第3話 薔薇より美しく

 ウォンは、その足でローズの自宅を訪ねた。Y国に行ったら彼女に会ようテイに言われ、既に何度か訪問した。門扉に紅薔薇のアーチがある、重厚な建物だ。

「いらっしゃい、ウォンくん」

 ローズの頬には血の気がない。VRでテイと深刻な話をしたのだろう。

 ウォンは応接間に通された。

 兄テイはローズと呼んでいたが、本名はアマネ、「天の音」という意味らしい。

 初対面の時。アマネという名も素敵だけれど、とテイは、

「君は薔薇よりきれいだ」

 ため息をついたそうだ。

「それで、私のことをローズって呼ぶようになったの」

 のろけ話を聞かされた、平和な日がなつかしい。ロマンチストのテイらしいが、今どうしているのか。


「ウォンくん。よく来てくれたね」

 ローズの両親が現れた。アルファ国文学者でいかにも学者タイプのフミチカと、アルファ語教師のメイリン。彼女はアルファ国出身で、フミチカが留学中に知り合い結婚した。二人ともウォンたちの両親と親しい。

「お兄さんのこと、心配だね」

 フミチカがいたわるように言い、

「はい」

「ご両親もね」

 メイリンは暗い顔だ。テイが逮捕されたのなら、両親にも危害が及ぶ恐れは十分にある。

「テイの話では、国の方針に反発している若者や知識人が、どんどん拘束されているって」

 ローズが言った。

 Y国、W国など。放任主義国に留学し、危険思想にかぶれただろう学生は、真っ先に狙われている、らしい。


 そもそも、アルファ国内でVRを起動させたのが間違いだった。テイがローズ、そしてウォンと話している最中にラインは遮断されたのだ。

「無理に連絡しようとしなければ」

 それがテイの危険を大きくしてしまった、とウォンは言ったが、

「覚悟の上でそうしたんだろう」

 とフミチカ。

 どちらにせよ逮捕される。だったら最後に、ということではないかと。愛するローズ、そして弟と言葉を交わしたかったのだ。

「アルファ国で、何が起こっているんでしょうか」

 ウォンは、エスペランサ語が禁止になったところまでしか知らない。その後すぐ留学してしまったから。

「アルファ国政府は、新たな文化大維新を始めている」

 フミチカが、聞きなれない言葉を口にした。



 マハのセンター当選は、モトキにはやや意外だった。確かに光るものはあるが、モトやジュリが先だと思っていた。

 総選挙は、配信アルバムを1枚買うごとに1票が与えられる。投票日が近付いてマハへの投票が激走したのは、組織票だろうか。マハにそっこんの富裕層がいるのか。

 まあ、どちらでもいい。要はもうかればいいのだ。

 モトキは辣腕プロデューサーである。芸能方面だけでなく様々な事業を成功させている。先月で56歳になった。美食が過ぎてでっぷりと太り、野心に目がぎらついたやせた青年の面影はないが、野望はアの頃より膨れ上がっている。

 政界進出もささやかれているが、モトキにはその気はない。

 Y国では昔から、能力のある者は財界に進み、それ以外が政治に関わるという伝統がある。

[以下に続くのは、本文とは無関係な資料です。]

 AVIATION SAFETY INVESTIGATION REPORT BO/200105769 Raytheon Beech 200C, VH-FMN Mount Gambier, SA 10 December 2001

 年中、意味のない論戦を繰り返し、山積する課題を先送りにして、国力を落とす一方の国会。そんな世界に足を踏み入れてどうする。議員を手なづけて事業を有利に進める方が理に適っている。


 モトキは、W国を憎んでいる。

 一番の売り物に「焼野原」と命名したのには、訳がある。シアターがある付近が焼野原と呼ばれたのは敗戦後しばらくのことで、今は「空野原あきのはら」という地名だが、モトキは「焼野原」にこだわった。祖母が戦争中、その地で大空襲の中を逃げ惑い、家族、親族をすべて失った。死者は一晩で10万人に及んだが、W国からの謝罪も補償も一切なかった。その恨みを忘れないためにも、「焼野原」は必要なのだ。


 それにしてもアルファ国には腹が立つ。エジアン圏進出の足掛かりとして、いくつかの国にYNH同様のアイドル集団を作り上げ、人気を獲得してきた。最後の狙いとしては、もちろん人口、経済力のあるアルファ国だ。

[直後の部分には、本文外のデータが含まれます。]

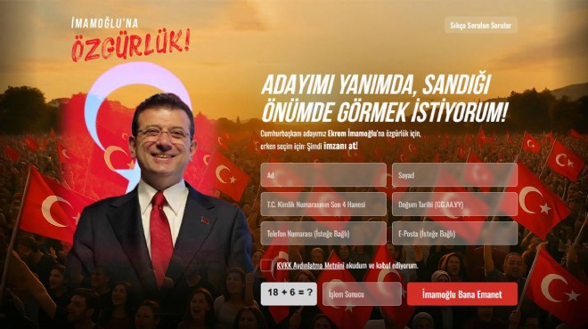 CHP, tutuklu Cumhurbaşkanı adayı Ekrem İmamoğlu’na destek ve erken seçim talebi için dijital imza kampanyası başlattı. Kampanya, "Benimimzam.net" adresi üzerinden yayına alındı.

 それが昨年。突然、アルファ国での活動が禁止された。総選挙があれだけ盛り上がったというのに。

 アルファ国には選挙制度はない。国民に参政権がないのだ。国の頂点、国民大大会があり、首相は代議員の投票で選ばれることになっているが、放任主義国の首相とは全く違う。ファンの直接投票によるセンター選定は、選挙制度がないアルファ国には危険に映ったのかもしれない。何故、わが国にはこうした投票制度がないのか。若者たちが疑問を抱くようになっては困る。危険な芽は摘んでおかなければ、そういうことなのだろう。